Now, we can look at the cluster centers in the high dimensional feature space to see what the "typical" survey answers are for each cluster.

In [None]:
plt.figure(figsize=(15,n_clusters*2))
for i, c in enumerate(c_centers_highd):
  plt.subplot(n_clusters,1,i+1)
  plt.stem(c, use_line_collection=True, markerfmt='.');
  plt.ylim(-0.5, 1.25) # adjust this as needed to display the data

A value close to 0 for a particular feature means that most respondents in the cluster did *not* select that option. A value close to 1 for a feature means that most respondents in the cluster *did* select that option.

## Cohort analysis

#### To do 5: use the cluster centers in high dimension feature space to explore cohorts

Use the `c_centers_highd`, the cluster labels `c_responses`, and the original data (either `responses`, `responses_sub`, or `responses_oh`) to explore *each cluster* in greater detail.

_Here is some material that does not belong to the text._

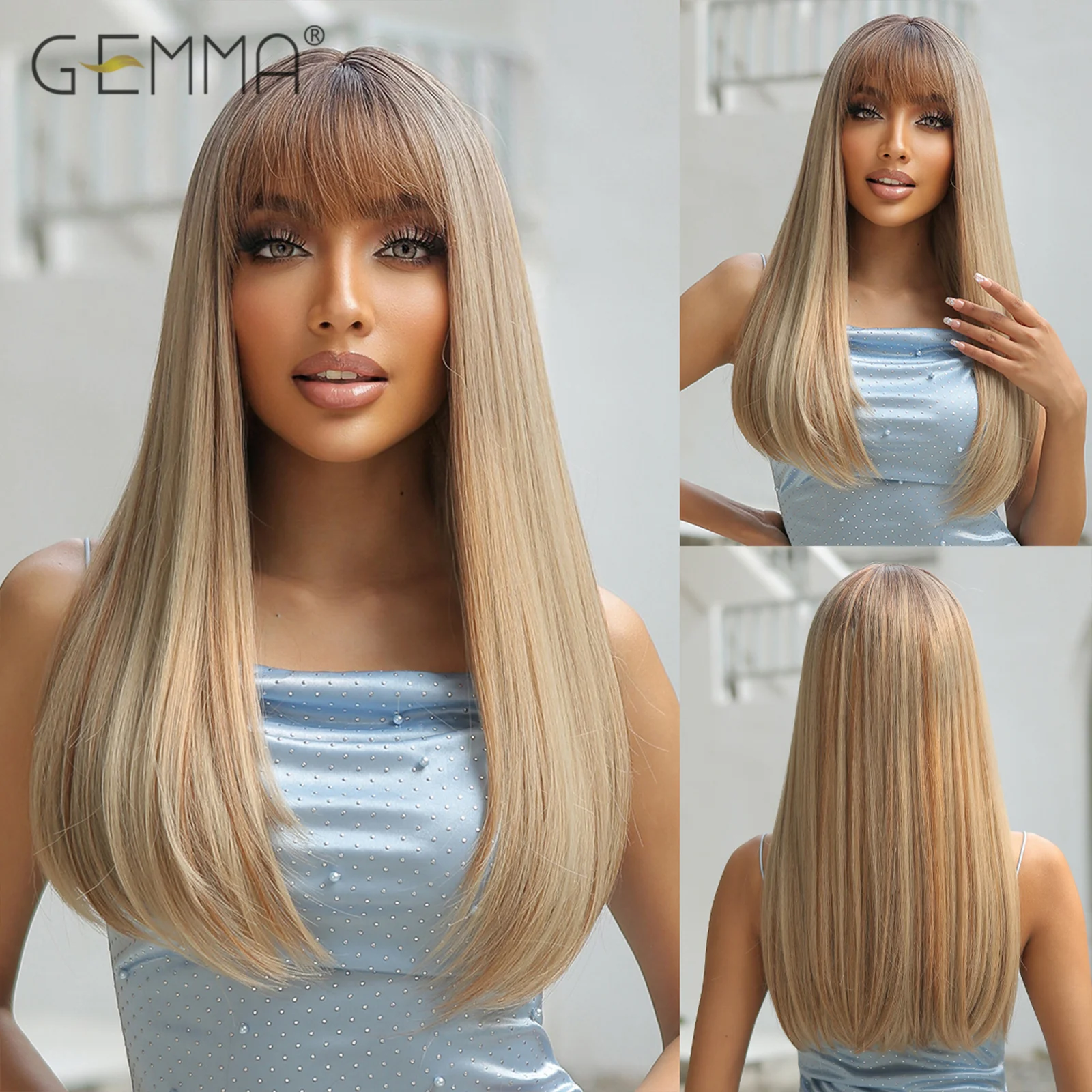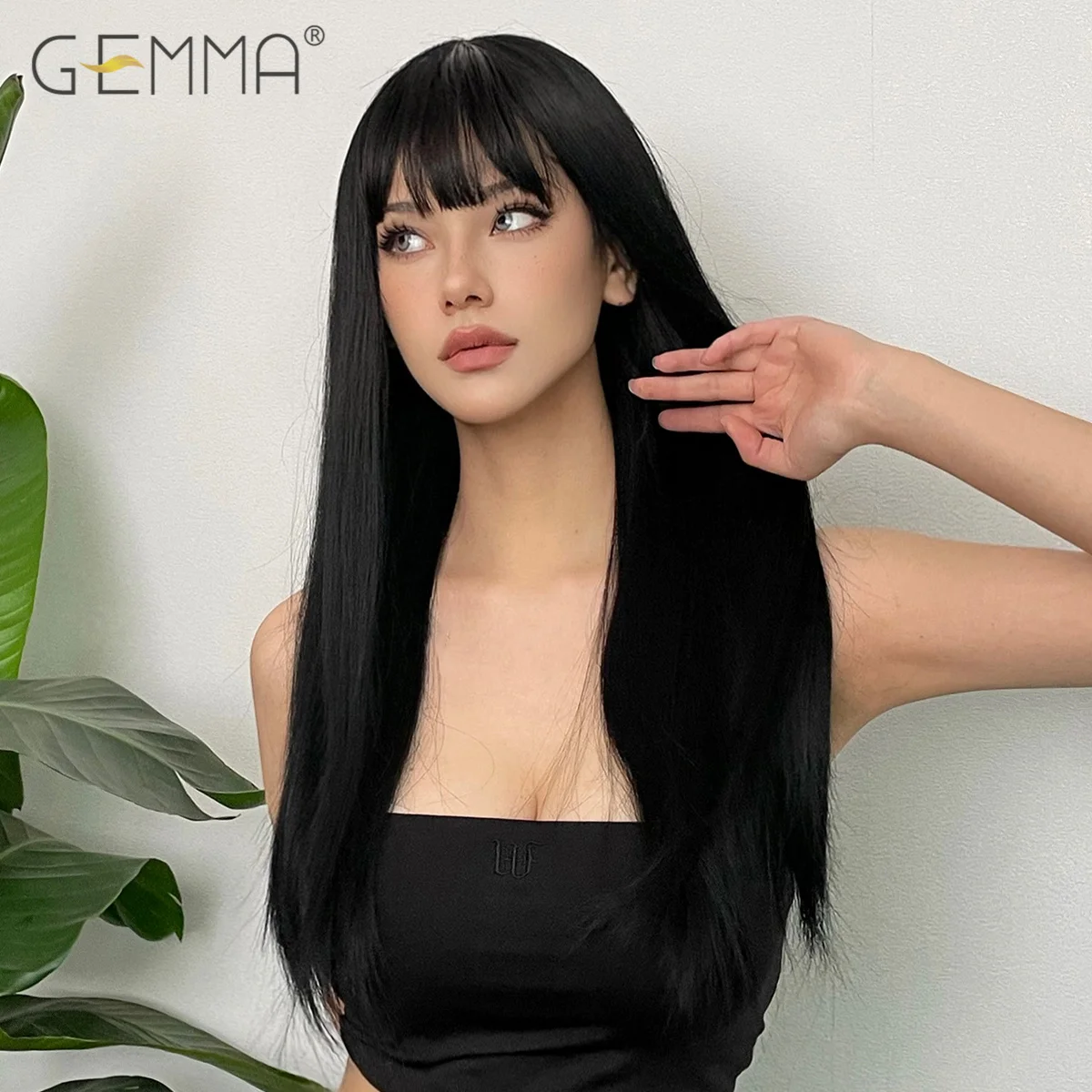 Long Straight Synthetic Wig Black Daily Use Wigs with Bangs for Women Heat Resistant Fibre Cosplay Lolita Party Natural Hair
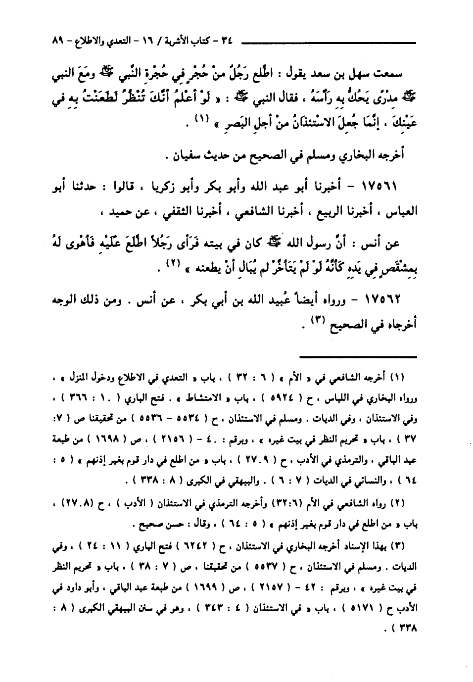 17561 - أَخْبَرَنَا أَبُو عَبْدِ اللَّهِ، وَأَبُو بَكْرٍ، وَأَبُو زَكَرِيَّا، قَالُوا: حَدَّثَنَا أَبُو الْعَبَّاسِ، أَخْبَرَنَا الرَّبِيعُ، أَخْبَرَنَا الشَّافِعِيُّ، أَخْبَرَنَا الثَّقَفِيُّ، عَنْ حُمَيْدٍ، عَنْ أَنَسٍ، «أَنَّ رَسُولَ اللَّهِ صَلَّى اللهُ عَلَيْهِ وَسَلَّمَ كَانَ فِي بَيْتِهِ فَرَأَى رَجُلًا اطَّلَعَ عَلَيْهِ، §فَأَهْوَى لَهُ بِمِشْقَصٍ فِي يَدِهِ كَأَنَّهُ لَوْ لَمْ يَتَأَخَّرْ لَمْ يُبَالِ أَنْ يَطْعَنَهُ»

For each cluster, see if you can identify:

* What do members of the cluster tend to have in common?
* What do members of the cluster say about the state of machine learning and data science? What tools and techniques do they often use? What are they hoping to use?
* Is the cluster center a good representation of the cluster members?

Also note any important differences between clusters. 

Use this analysis to draw high-level conclusions about the state of machine learning and data science.

Show your analysis (code + output and visualizations) and also summarize your findings in one or more text cells.

At the end, please summarize your findings with a brief description of each "cohort" that you found.

(To help you understand the level of effort expected - this section is worth 4/10 points for this assignment. For full credit, the graders will expect to see an analysis of sufficient detail to justify this point value.)